Bantam Dominique roosters crow a four-note song. Once you've heard it as "Happy BIRTHday" you can't NOT hear it that way
Your local library. Unless you're really in the middle of nowhere and your library has no budget at all, go to the library. Heck, you might not even have to go to the library, many libraries now do chat reference, ask-a-librarian, and all libraries have a phone.
There's more, MUCH more, to doing research than using google. Paid databases have it all over google for finding current and historical news information.
If you can't find something local, try the Library Of Congress, they do online chat reference.
Not sure if anyone noticed but in my opinion:
http://nytimes.blogspace.com/genlink
was the only thing of any relative importance as its another nice way to get around the NYtimes registration barrier....
Libraries are generally wonderful, amazing places: well organised, friendly and incredibly expert staff who do their best to get what you need for little or no cost.

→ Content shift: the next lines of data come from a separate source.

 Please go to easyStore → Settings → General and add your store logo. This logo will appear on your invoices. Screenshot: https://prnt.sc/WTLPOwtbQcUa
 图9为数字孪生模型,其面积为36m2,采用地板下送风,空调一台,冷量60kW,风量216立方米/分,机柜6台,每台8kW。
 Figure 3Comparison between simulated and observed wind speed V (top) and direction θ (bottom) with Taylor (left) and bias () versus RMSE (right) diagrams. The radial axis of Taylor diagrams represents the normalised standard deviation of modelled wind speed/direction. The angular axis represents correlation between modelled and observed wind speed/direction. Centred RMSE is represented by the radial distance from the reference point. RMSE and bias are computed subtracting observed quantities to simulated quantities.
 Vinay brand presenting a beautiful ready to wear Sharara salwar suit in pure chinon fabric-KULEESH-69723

But there is a cost - and people forget about it, because its in our taxes. (Whether or not we should pay for public libraries out of our taxes, and whether the money is well spent is another argument). But the bottom line is that we've had 100 years or so of great services because there has been a general philosophical acceptance that it's a Good Thing for everybody to throw in a few cents for a building in every town, full of good books, staffed by experts, and with an infrastructure to enable gaps in individual library stocks to be covered at a national *and* international level by an interlibrary loan service. Most developed countries now have a superbly developed system for getting paper-based information to their citizens for little cost.

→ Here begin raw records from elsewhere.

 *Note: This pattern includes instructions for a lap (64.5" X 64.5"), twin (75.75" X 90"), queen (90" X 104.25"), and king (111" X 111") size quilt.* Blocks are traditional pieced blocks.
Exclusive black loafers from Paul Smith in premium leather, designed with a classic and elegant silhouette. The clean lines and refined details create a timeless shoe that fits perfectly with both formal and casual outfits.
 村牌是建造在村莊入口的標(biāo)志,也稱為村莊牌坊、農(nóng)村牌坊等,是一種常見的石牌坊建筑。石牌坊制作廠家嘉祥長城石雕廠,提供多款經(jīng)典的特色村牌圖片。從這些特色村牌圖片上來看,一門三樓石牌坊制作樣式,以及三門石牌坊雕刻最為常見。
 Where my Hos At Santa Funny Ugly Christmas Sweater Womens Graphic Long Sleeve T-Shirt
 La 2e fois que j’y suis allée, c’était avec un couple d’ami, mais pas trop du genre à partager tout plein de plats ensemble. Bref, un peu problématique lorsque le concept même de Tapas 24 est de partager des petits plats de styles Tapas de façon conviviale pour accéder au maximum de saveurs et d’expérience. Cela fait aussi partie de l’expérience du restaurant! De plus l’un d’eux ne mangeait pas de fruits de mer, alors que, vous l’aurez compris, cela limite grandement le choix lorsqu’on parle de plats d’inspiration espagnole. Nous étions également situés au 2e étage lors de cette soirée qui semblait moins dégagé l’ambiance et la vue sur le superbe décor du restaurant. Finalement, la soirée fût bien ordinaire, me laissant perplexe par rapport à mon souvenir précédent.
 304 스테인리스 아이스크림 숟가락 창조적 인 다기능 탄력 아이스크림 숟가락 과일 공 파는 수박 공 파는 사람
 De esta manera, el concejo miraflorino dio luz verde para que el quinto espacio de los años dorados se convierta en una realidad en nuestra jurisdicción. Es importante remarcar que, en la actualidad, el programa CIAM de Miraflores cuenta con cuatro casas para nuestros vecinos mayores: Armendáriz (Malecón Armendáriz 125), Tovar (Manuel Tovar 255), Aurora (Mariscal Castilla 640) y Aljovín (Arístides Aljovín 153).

My question is: would we accept paying taxes to do the same via the internet?
I think it's mainly a philosophical, rather than technical question. If we all agreed to pay additional 'library taxes' then there's no reason why existing sources couldn't be made available to all citizens (e.g. your National Insurance number is your password, now you can get the NYT online for free, NYT gets paid by the treasury for its national-to-all-citizens licence each year) and also in the same way that many library indexing systems were evolved by librarians working under public funding, why not use public funding to develop internet archiving / retrieval systems of comparable value? I think it's a philosophical issue, it depends on how you see these technical solutions being funded.